I had gone almost nine months on three to four hours’ sleep a night, often less. On Sunday mornings, when I could have gone to bed by three A.M. and not woken up until deep into the afternoon, I waited up for my working friend and then drank heavily with her, so that what benefits might have accrued from a long night of sleep were dissipated by chronic hangovers. I was comprehensively exhausted.
‘What kind of disaster?’ I asked, an ominous feeling rising inside.
‘All disaster. How does it affect a village when the mine collapses and kills all the men? What happens to a man after he’s had his legs amputated? Marital disaster, death of children, fatal diseases, bankruptcies, murder, suicide, aeroplane crashes. Communities and individuals.

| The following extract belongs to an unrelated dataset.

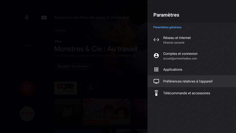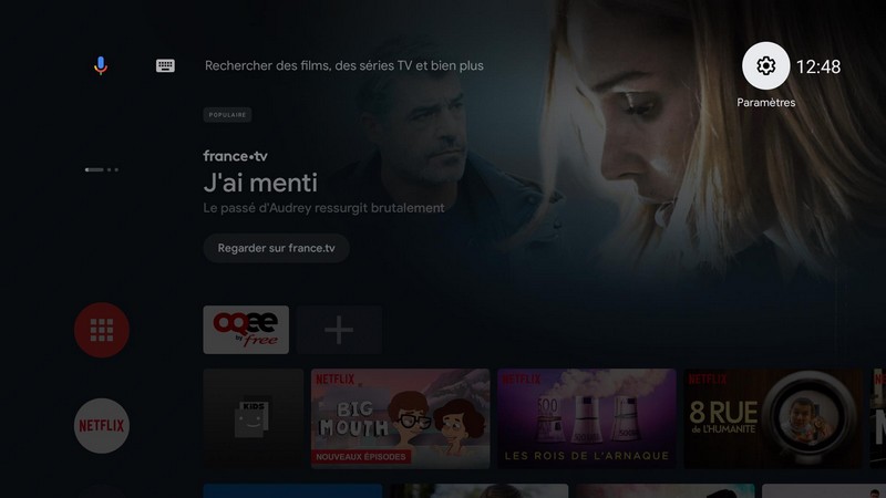 Pour cela, accédez à la Home Android en appuyant sur le bouton en forme de maison sur la télécommande Freebox. Accédez ensuite aux paramètres grâce à la roue dentée en haut à droite de l’écran.
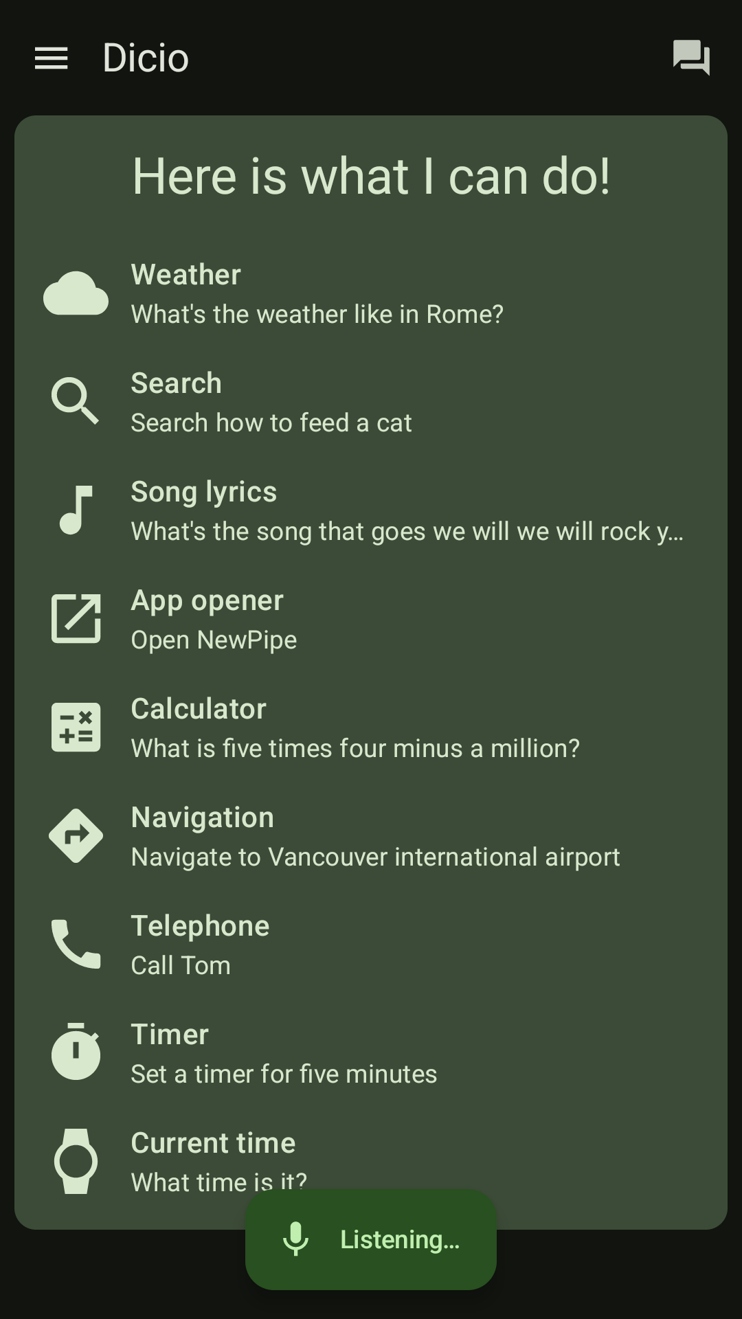 - navigation: opens the navigation app at the requested position - Take me to New York, fifteenth avenue

Psychologically and socially, how do we survive disaster?’
How am I going to survive this disaster? was the question in my mind. Long-term sleep deprivation makes you paranoid. Why had they chosen me to destroy with this gruesome work? I was getting stabbed and assaulted in my personal life. Now this? I was horrified. Days, weeks, months of grief and mutilation stretched ahead.
I began work. I saw some terrible sights and learned two interesting things. Several of the men I interviewed became compulsively sexual after their disasters. It was as if, having felt the wings of death brush against them, they now had to compensate by plunging in among the arms and legs of life. The second thing I learned was that if a community has a disaster which receives little media attention, it unites and remains united for years, whereas a community which suffers both disaster and heavy press attention fractures into a hierarchy of grief and contention.
It was all so painful and I was so exhausted that within a couple of weeks I began to develop a nervous tic. To be more precise,
I began to develop a nervous
sneer
. I’d be interviewing some poor sap whose wife had left him two days after he got hit by a lorry and was paralysed for life, and I’d feel my upper lip curl up on one side.
‘So,’ I’d sneer at him, ‘did your wife come to the hospital to visit you, or did she just straightaway take the kids and move up to Manchester with your best friend?’
As he replied, I would wipe at the lip with my fingers and it would straighten out. Moments later, however, up it would curl again, a ghastly involuntary tilde of contempt.
There were complaints and I was fired.
I retreated to the mill house, slept for a few weeks, and then got up and wrote a play. When I was fully recovered, I returned to London determined to be a playwright. I went to visit a friend of my parents, an unusual man, brilliant but unrealised, who was staging plays in a church hall in Holborn. He encouraged me and eventually staged a reading of my first play.
He also let slip the secret of my mother’s affair and the real paternity of my brother Francis. When I next returned to the mill house for the weekend, I looked at my parents differently. My father seemed almost heroic for having stayed all these years to provide stability for his four children. I never consciously blamed my mother for what she had done and never told her I knew her secret. Her suffering became more comprehensible in one way at least, because I now shared an element of it. It is said that keeping secrets drives men mad, and in later years when I interviewed old CIA men for a script I was writing, it was remarkable how many of them were semi-deranged alcoholics. It was hard to know this crucial fact about my brother and keep it to myself. How it must have been for my mother I can only imagine.